> **Exercise**: Nothing in the copy should be a picture; everything else in the listing is to be restated exactly.

> **Source material**:
+++

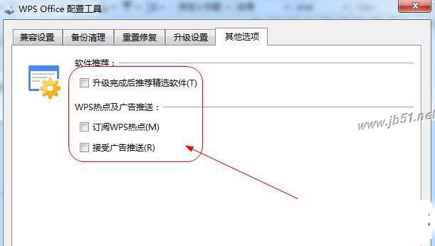 6、在【其他选项】里面关掉所有的软件推荐,然后点击【确定】,这个地方是大量广告的来源,也是一些新闻热点推荐的地方,所以要关掉;
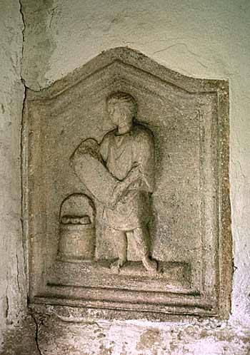 - Diener (Librarius- Scriba): unter Giebel auf flachem Podest Mann in kurzer Tunica mit geöffneter Rolle (voluem) in den Händen, vor ihm Rollenbehälter.
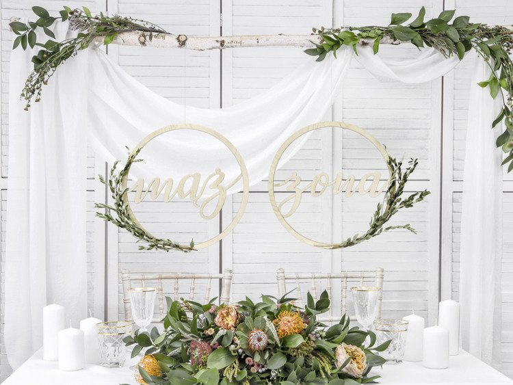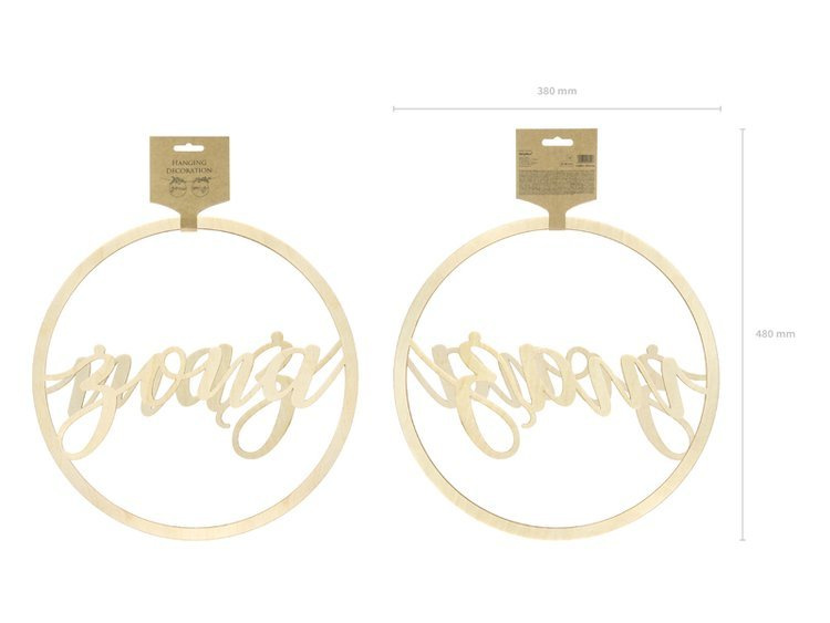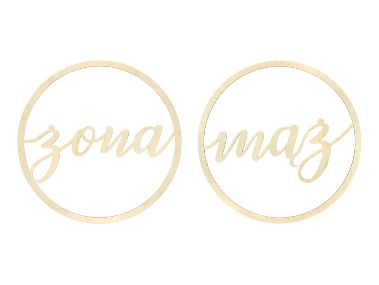 Zawieszki dekoracyjne wykonane z drewna, zestaw zawiera zawieszkę z napisem Żona oraz zawieszkę z napisem Mąż, średnica ok. 38 cm.(1 karton / 10 op.)(1 op. / 2 szt.)

+++

> **Response to the task**:
 6、在【其他选项】里面关掉所有的软件推荐,然后点击【确定】,这个地方是大量广告的来源,也是一些新闻热点推荐的地方,所以要关掉;
 - Diener (Librarius- Scriba): unter Giebel auf flachem Podest Mann in kurzer Tunica mit geöffneter Rolle (voluem) in den Händen, vor ihm Rollenbehälter.
 Zawieszki dekoracyjne wykonane z drewna, zestaw zawiera zawieszkę z napisem Żona oraz zawieszkę z napisem Mąż, średnica ok. 38 cm.(1 karton / 10 op.)(1 op. / 2 szt.)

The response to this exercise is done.